I've found deer hair in hog mess twice in the mts in late fall so I doubt it was a young fawn. Maybe a deer lost to a hunter? Hey kyle, those big boars are loaners a lot of the time. The ones I've killed have always been by themselves. I lost a big one on hooch this year that was with some sows. Biggest boar I ever seen was off a lead on blood it. He was 400lb or better. They are ridge runners.


----------



## donald-f (Mar 19, 2016)

I'm sorry but that does not look like a wild hog from here. It looks like something from Africa. It is much larger. Notice the comparision of the fawn vs the hogs head. His legs look to long also  I may be wrong.


----------



## b rad (Mar 19, 2016)

It looked like a warthog at first glance


----------



## Okie Hog (Mar 19, 2016)

> Any advice?



Killer Kyle:

With warm weather coming up stake out the water holes and wallows.  Big boars have few natural enemies.  Most come out in daylight to drink, wallow and rub.  

Get a nasty used railroad tie well covered with creosote.  Dig a hole about 30" deep and stand the tie on its end.  Tamp it in well.  The hogs will come.   Every year i kill several boars at the same rubbing place.   The hogs have worn the tie round.


----------



## satchmo (Mar 20, 2016)

*Europe*



donald-f said:


> I'm sorry but that does not look like a wild hog from here. It looks like something from Africa. It is much larger. Notice the comparision of the fawn vs the hogs head. His legs look to long also  I may be wrong.


Not, at all from Lousiana. The original picture surfaces from a European outdoor site.
It's from a European site. It's real wild boar, and the deer is a roe deer fawn. However they definitely are bad on fawns here.
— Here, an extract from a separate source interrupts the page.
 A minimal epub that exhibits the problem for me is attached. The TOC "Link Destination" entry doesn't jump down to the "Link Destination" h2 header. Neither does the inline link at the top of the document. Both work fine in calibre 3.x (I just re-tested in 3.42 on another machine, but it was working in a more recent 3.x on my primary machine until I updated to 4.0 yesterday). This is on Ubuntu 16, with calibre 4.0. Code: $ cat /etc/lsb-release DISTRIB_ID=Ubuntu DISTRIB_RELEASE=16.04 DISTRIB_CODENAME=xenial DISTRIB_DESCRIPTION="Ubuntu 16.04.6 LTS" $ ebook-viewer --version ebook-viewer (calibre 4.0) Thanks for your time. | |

Anybody can walk up on a fawn a few days old and pick it up by the neck if you wanted to. Hogs will eat anything they can, and I am sure fawns are definitely on the diet here.


----------



## Flaustin1 (Mar 22, 2016)

I'd be willing to bet hogs eat more fawns than we think.  A hog has a sense of smell that is second to none.  If im not mistaken, they can smell a fawn pretty soon after it drops.  Fawns give off very little scent, its natures way of protecting them but a hog can still smell them.  
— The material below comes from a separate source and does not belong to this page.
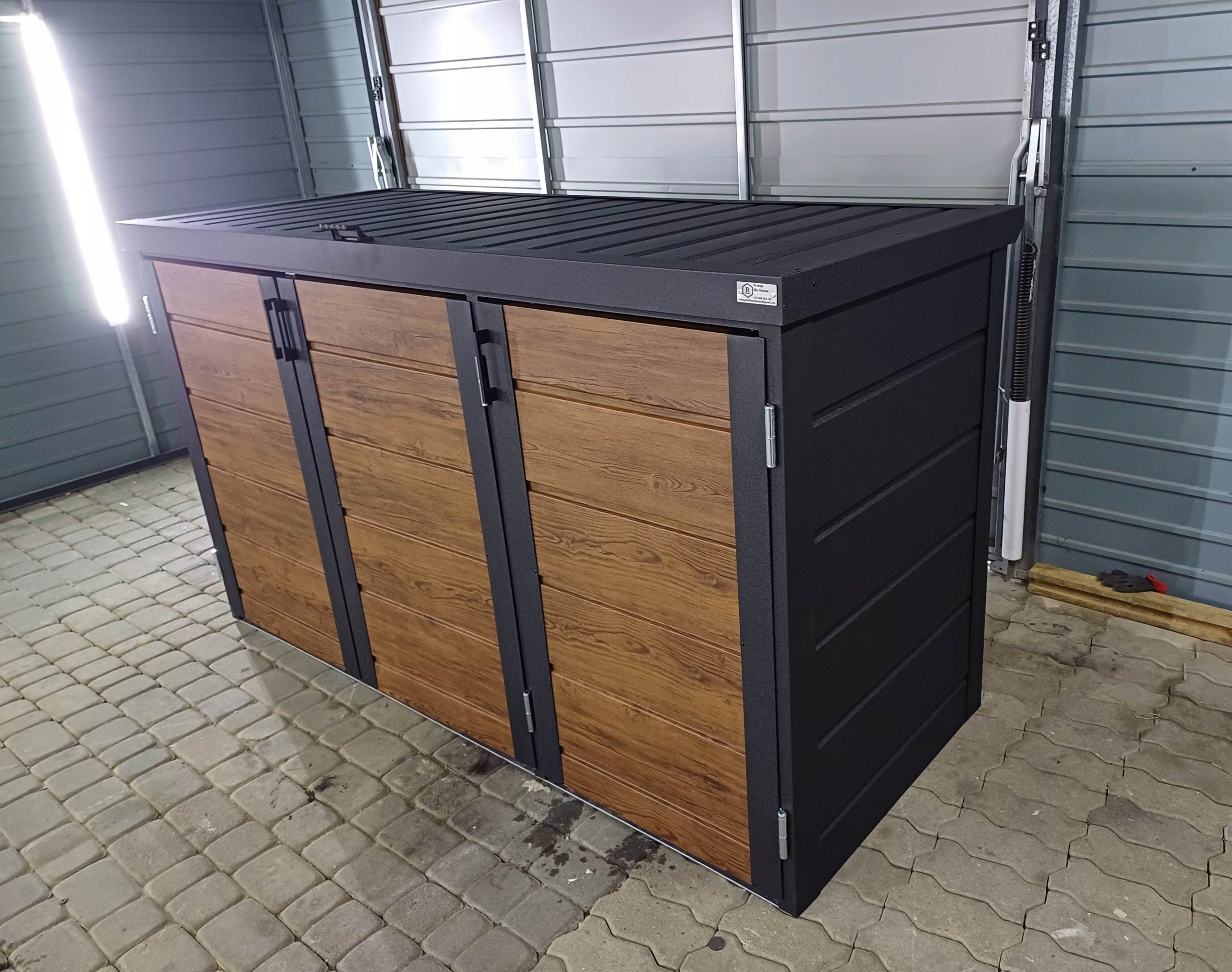 Контейнер для сміття укриття 207х80х120 см 3х240л антрацит + горіх

We put out a road kill deer one day to shoot yotes over.  Went back the next night and nothing but a skull was left.  Hog sign everywhere.


----------



## Flaustin1 (Mar 22, 2016)

Not to mention ground nesting birds.


----------



## Son (Apr 17, 2016)

Most big boars stay to themselves unless they're following a sow in heat. Usually nocturnal, only on occasion will one be seen or have his photo taken in daylight. Big boars are also trap wary, i had photos of one over 300 pounds visiting a trap three nights in a row before he went in. Had another visit a large trap for almost a full week before we went in, then escaped by pulling up several T post.


----------



## tmullins (May 22, 2016)

I hunted this Boar for two years. I just never figured out his pattern, except he came out the most during new moons, and he was always alone.
  He Found all the bait spots no matter where I put them, but he never ate. Just stood around. Guess he was checking for ladies.
  Neighbor put him down this past fall. He just happen to run up on him by chance. I called him "Rosco"..


----------



## tmullins (May 22, 2016)

Rosco.


----------



## NCHillbilly (May 23, 2016)

donald-f said:


> I'm sorry but that does not look like a wild hog from here. It looks like something from Africa. It is much larger. Notice the comparision of the fawn vs the hogs head. His legs look to long also  I may be wrong.



Those are Russian boars, not feral hogs. There is a world of difference between the two. We have a healthy population of almost pure-strain Russian boar here in the Smokies. They don't look or act like Georgia feral pigs.


----------